Let's say you want to download and install a package from a GitHub release:

  1. Navigate to the repository: https://github.com/j-rub/scVital

  2. Go to the Releases section: https://github.com/j-rub/scVital/releases

  3. Download the release: Click on scVital-v1.0.1.zip to download it.

  4. Install the package:

    pip install ~/Downloads/scVital-1.0.1.zip

Usage Example

import numpy as np
import pandas as pd
import scanpy as sc
import scVital as sv

writeDir = "../data"
tissue = "muscle"

species1 = "human"
adataFile1 = f'{writeDir}/{tissue}Human_DeM_QC.h5ad'

species2 = "mouse"
adataFile2 = f'{writeDir}/{tissue}Mouse_DeM_QC.h5ad'

adata1 = sc.read_h5ad(adataFile1)
adata2 = sc.read_h5ad(adataFile2)

adata = sv.mg.mergeAdatas([adata1, adata2]) 

batchKey = "species"
sc.pp.highly_variable_genes(adata, batch_key=batchKey, n_top_genes=2000)
adata = adata[:, np.logical_and(adata.var.highly_variable, np.logical_not(adata.var.mt))]


setupData = {
    'adata': adata,
    'batchLabel': 'species',
    'miniBatchSize': 128,
    'numEpoch': 36,
    'learningRate': 1e-3,
    'hid1': 1024,
    'hid2': 128,
    'latentSize': 12,
    'discHid': 6,
    'reconCoef': 1e1,
    'klCoef': 5e-1,
    'discCoef': 1e0,
    'discIter': 5,
    'earlyStop': 1e-2,
    'train': False,
    'seed': 18,
    'verbose': True
}

scVitalModel = sv.makeScVital(setupData['adata'], setupData['batchLabel'], setupData['miniBatchSize'], setupData['numEpoch'], setupData['learningRate'],
        setupData['hid1'], setupData['hid2'], setupData['latentSize'], setupData['discHid'], 
        setupData['reconCoef'], setupData['klCoef'], setupData['discCoef'], setupData['discIter'], 
        setupData['earlyStop'], setupData['train'], seed=setupData['seed'], verbose=setupData['verbose']
    )

scVitalModel.runTrainScVital()

adata = scVitalModel.getAdata()

umapKey = "scVitalModel"
neighborsKey = "scVitalModel"
pcaRep = "X_scVital"

sc.pp.pca(adata, svd_solver="arpack")
sc.pp.neighbors(adata, n_pcs=scVitalModel.getLatentSize(), use_rep=pcaRep, key_added=umapKey)
sc.tl.umap(adata, neighbors_key = umapKey)
sc.tl.leiden(adata, resolution=0.1, key_added = neighborsKey, neighbors_key = umapKey)#, flavor="igraph", n_iterations=2,  directed=False)

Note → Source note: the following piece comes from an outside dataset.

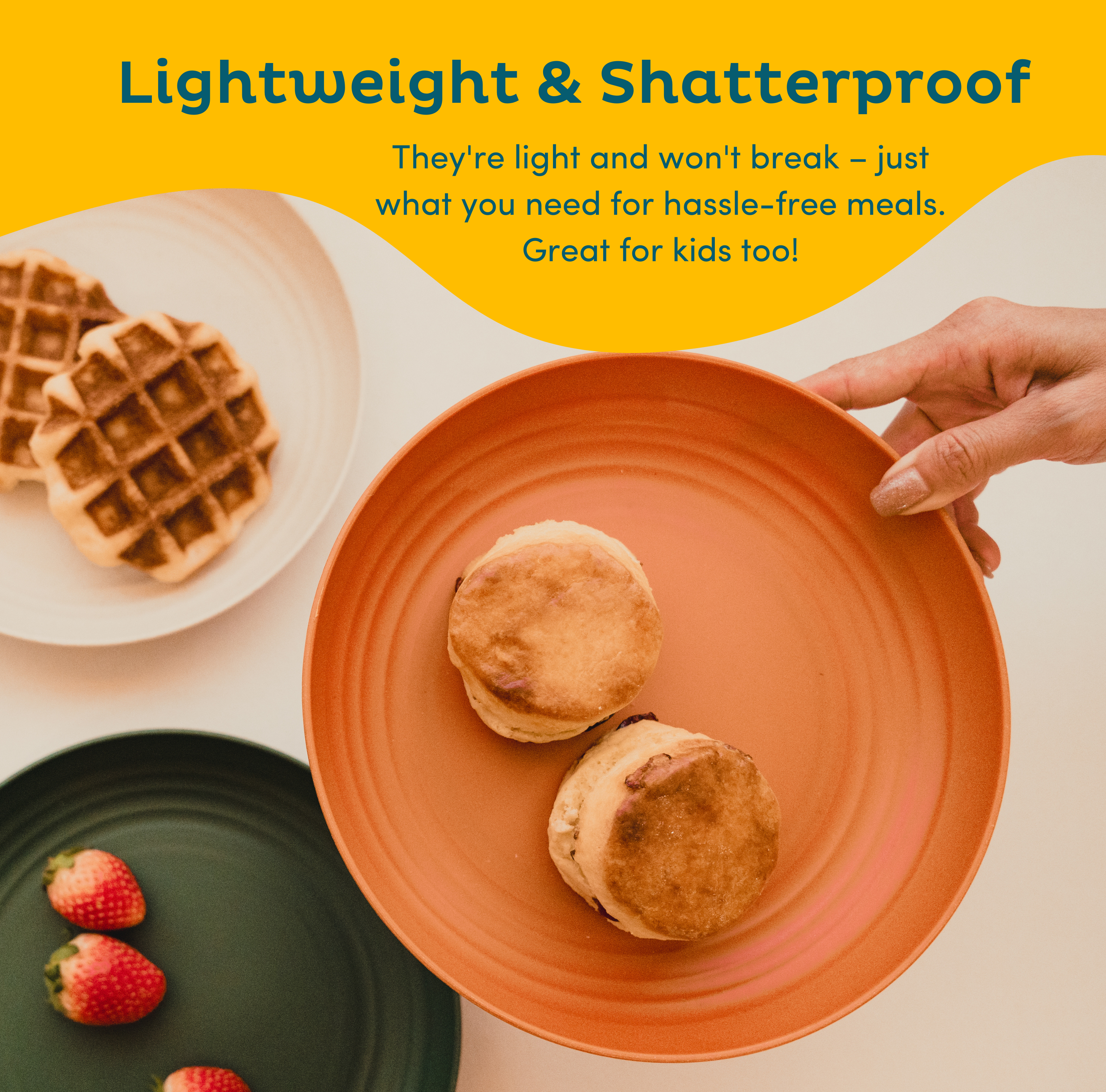 Our wheat straw plates are made from wheat straw fibers and food-grade PP which are 100% BPA free, non-toxic, odorless, providing a sustainable and eco-friendly alternative to traditional plastic plates. - Sturdy, Unbreakable, Lightweight

sc.pl.umap(adata, color = ["species",neighborsKey,"cell_annotation"], ncols = 2)

Future Improvements for scVital

  1. Additional Discriminator:

    • Address inter-patient heterogeneity to reduce batch effects when integrating human data.
      • One discriminator to remove patient batch effect.
      • One discriminator to remove species batch effect.
    • Enhance integration when multiple human patients are involved.
  2. Use Reconstructed Output Data as Imputed Data:

    • Utilize imputed gene expression data for further downstream analysis, including differential gene expression.
      • Overcome gene dropout in scRNA-seq data.
  3. Expand to Perform Cell Clustering:

    • Add an output softmax clustering layer to the latent space.
      • Identify cell states without needing Leiden clustering after training.
  4. Utilize GPUs to Speed Up the Process:

    • Implement GPU acceleration to enhance processing speed and efficiency.
      • Possibly use NVIDIA rapids

README made with the help of copilot.